Monday, January 01, 2007

Live, from the Swamp Forest!

Deep, damp, drizzling rain; the dry beech leaves are orange, fluttering against the violet greys and moss greens of my young forest.

In spite of my bum knee, I made a trip to National Gallery of Art
to see Constable’s 6 foot canvases, before the show comes down today. Oh my, seeing those marvelous beauties, the sketch and the polished academy piece side-by-side, reminds me of why I love to paint. How is it that I lost the love of painting in all the confusion? Like yesterday’s dream, all is swirling around, and the nugget of value gets lost, momentarily.

Why do I love to paint? What did Constable teach me? He reinforced the classic colors of the landscaper’s palette. I learned the joy of wild skies from him, how the paint itself just falls into rhythm like the moving air. And maybe most beloved, the backlit forest of grand trees, with bright windows of skylight breaking through. And oh, (this feels like Christmas morning, and a new gift found under the tree!) the sparkle, the way his later or looser works had almost a froth of bright paint, like the high reflection off sunlit water, that danced over everything like a Jackson Pollock skein!

And, how a flat landscape can make a beautiful composition, with a tiny angled boat tucked here in the weeds, or a fishing figure wearing a touch of red there and bring the eye around and make a flat landscape interesting. Then there is the old wood, the mossy beams of locks, the noble ancient trunks, fallen or still arching, rendered lovingly, simply in umbers and siennas --I feel them.

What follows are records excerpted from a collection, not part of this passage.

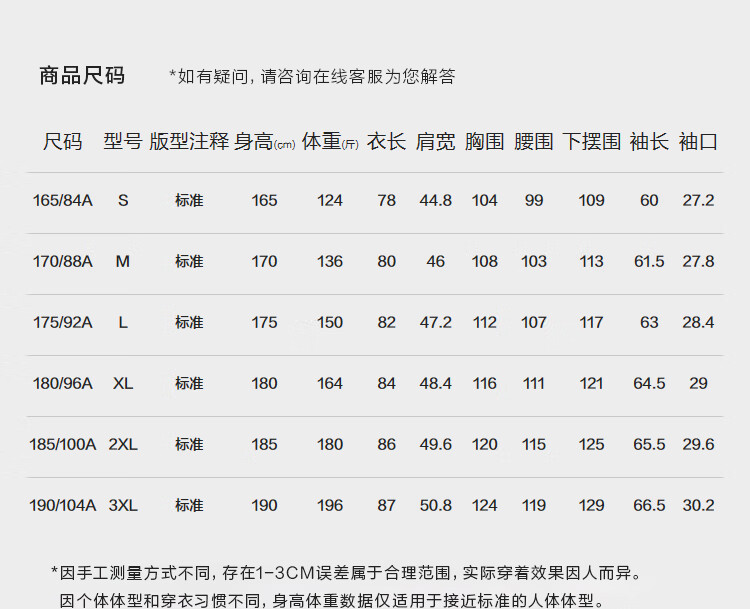 China (cm) 165 / 88-90 170 / 96-98 175 / 108-110 180 / 118-122 185 / 126-130
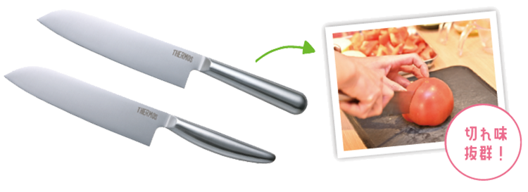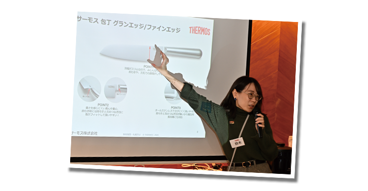 「新しく発売したオールステンレス包丁は、スリムな刃幅にすることで小回りがきき、洗いやすくなっています。さびにくさや握りやすさにもこだわり、食洗器にも対応。スタンダードな『ファインエッジ』と、切れ味がより長持ちする『グランエッジ』が揃っています」
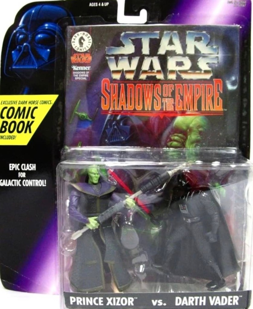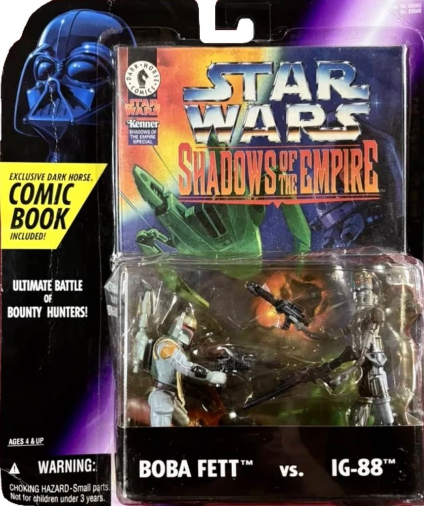 Hasbro released two different 2-packs for their Shadows of the Empire series, with one being a re-pack of previously released figures and the other was mixed. Darth Vader and Boba Fett had both been released with the Power of the Force line, while Prince Xizor was released individually with the Shadows of the Empire series. However, IG-88 was a brand new figure that could only be found with this two-pack.

Constable paintings all look like June or July in the northern latitudes. Here, I can actually get more seasonality into plein-aire pictures since the winter is balmy enough for outdoor work.

I am thinking about my canvas The Early Gods, with the great willow trunks standing like menihirs. There are great trees of the Moyaone that could be honored in this way. Maybe I team up with Elena on this, and include the Chapman's giants, maybe I make portrait of the grand oak on the corner, with its oh-so English church as a backdrop. There are Jose’s fine trees, like Ganesha. And Grace’s valley too.

Stand in the deep forest, surrounded by behemoth poplars and oaks. See how they rise, silently arcing, reaching for the light, making a cathedral arch. Our houses of stone for god are reaching for the light, and they learned this from the trees.

Who taught us to look up? Who taught us to climb, aspire, be strong and upright, have integrity, grain and flex with the tempest wind? Who sheltered us in his arms, off the damp and dangerous floor of the world? Who made fruit and nut to feed us? Who gives us warmth today, but the bones of oak and pine?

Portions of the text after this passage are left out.